Persons are born with Sickle Cell Anemia. However, the symptoms do not manifest until the baby is approximately 4 months old. There are various symptoms of Sickle Cell Anemia. They are:

• Anemia – Generally all the anemia symptoms are present in those suffering from Sickle Cell Anemia. A baby is often diagnosed anemic and may need to be hospitalized for treatment. The common signs of anemia include fatigue, pale skin, yellowish skin and shortness of breath.
• Pain – This is also referred to as Sickle Cell Crisis. This is because of the reduction or stoppage of blood flow to the various organs of the body. This causes chronic or acute pain, which can range from mild to severe. The chronic pain can last for weeks to months. This can also be limit daily activities and can be draining on the person physically and mentally. An episode of Sickle Cell Crisis can occur at least once a year, and in some cases as often as 15 times a year.
• Swelling in Hands and Feet – Due to blockages in the blood vessels, there can be a painful swelling in the hands and the feet of the patients suffering from Sickle Cell Anemia.
• Infections – Patients become prone to several infections because of the improper blood supply.
• Spleen Infections – The Spleen is found in the abdomen. The function of the Spleen is to filter out abnormal red blood cells. With patients suffering from Sickle Cell Anemia, the spleen ends up trapping many red blood cells and become swollen. With too many abnormal red blood cells, it may become clogged and stop working.
• Delayed Growth – Due to insufficient blood flow to the entire body, the patients suffering from Sickle Cell Anemia often experience delayed growth.
• Stroke – Improper blood flow to various body parts leaves the patients suffering from this disease susceptible to a stroke.
• Eye Problems – Patients may suffer from eye problems because the retina doesn’t get enough blood. This may even lead to blindness.
• Multiple Organ Failure – Due to insufficient blood supply and susceptibility to infections, patients suffering from Sickle Cell Anemia can be prone to several organs failing at one time.

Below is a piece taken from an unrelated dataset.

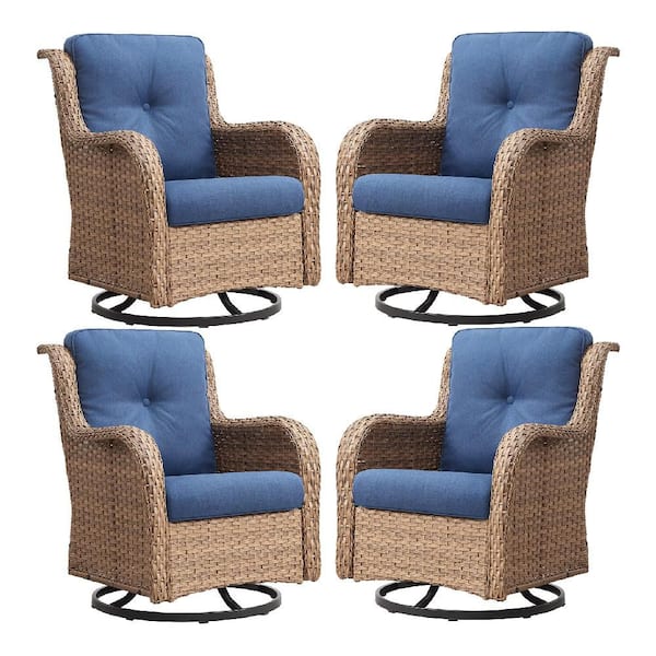 4-Piece Set Outdoor Swivel Yellow Wicker Outdoor Rocking Chair with CushionGuard Blue Cushions

As such there is no cure for Sickle Cell Anemia. However, relief can be had for the various infections and symptoms of the disease. Pain can be treated using pain killers. Often liquids are supplied to the body via the mouth or via the veins, to avoid dehydration.

Children suffering from this disease need to visit their doctor regularly. Until the age of 5 years, a daily dose of penicillin is given to these children. Folic acid or Folate may also be prescribed. Nowadays, Nitric Oxide is also used to make the sickle cells less sticky.

Sickle Cell Anemia affects millions of people globally. But with the treatments available nowadays, thanks to the miracles of modern medicine, affected patients can live long and fruitful lives. However, the treatments are for the various symptoms. There is no cure for Sickle Cell Anemia.